BY MARVIN HIER AND ABRAHAM COOPER,
Rabbi Marvin Hier is founder and dean of the Simon Wiesenthal Center, an international Jewish human rights organization named for the famed Nazi hunter and Holocaust survivor. Rabbi Abraham Cooper is associate dean of the center and director of its Global Social Action programs.
The Hill, 6/17/18
In the biblical narrative, King Solomon, described as the wisest of men, was confronted by two women who shared a house. They each claimed to be the mother of an infant boy while insisting that another newborn, just deceased, belonged to the other mother.
King Solomon pondered the claims of each and ordered, “Bring me a sword.” The king then said, “Cut the living child in two, and give half to one and half to the other.”
The woman who claimed that her living son was stolen from her said, “Please, my lord, give her the living child and do not kill it.” But the other woman said, “Neither mine nor yours shall he be. Cut!”
King Solomon, who based his decision on a keen understanding of human nature and an intuitive sense of ethics, declared, “Give the first woman the living child and do not kill it; for she is his mother.”
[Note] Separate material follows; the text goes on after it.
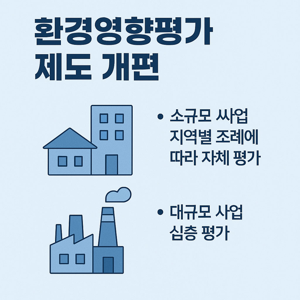 #환경영향평가제도 개편: 소규모 사업은 지역별 조례에 따라 자체 평가하고, 대규모 사업은 심층 평가하는 등 환경 영향에 비례한 평가 절차가 도입됩니다.

No American president has ever possessed the genius of a King Solomon. Yet, every president has faced critical decisions that would have left even King Solomon deeply conflicted.
Let’s start with the just completed historic summit between President Donald Trump and North Korean dictator Kim Jong Un. The stated goal was the removal of the growing nuclear threat from Pyongyang, in return for unspecified security guarantees. Human rights groups, including the Simon Wiesenthal Center, are urging that the president also address a basket of human-rights issues, including dismantling North Korea’s infamous gulag and allowing religious freedom.
Activists question whether President Trump or any president should ever provide “security guarantees” to a regime that crushes the human dignity of millions its own citizens. Some critics express dismay that the president didn’t explicitly call out Kim’s crimes at the summit and, instead, lavished him with praise.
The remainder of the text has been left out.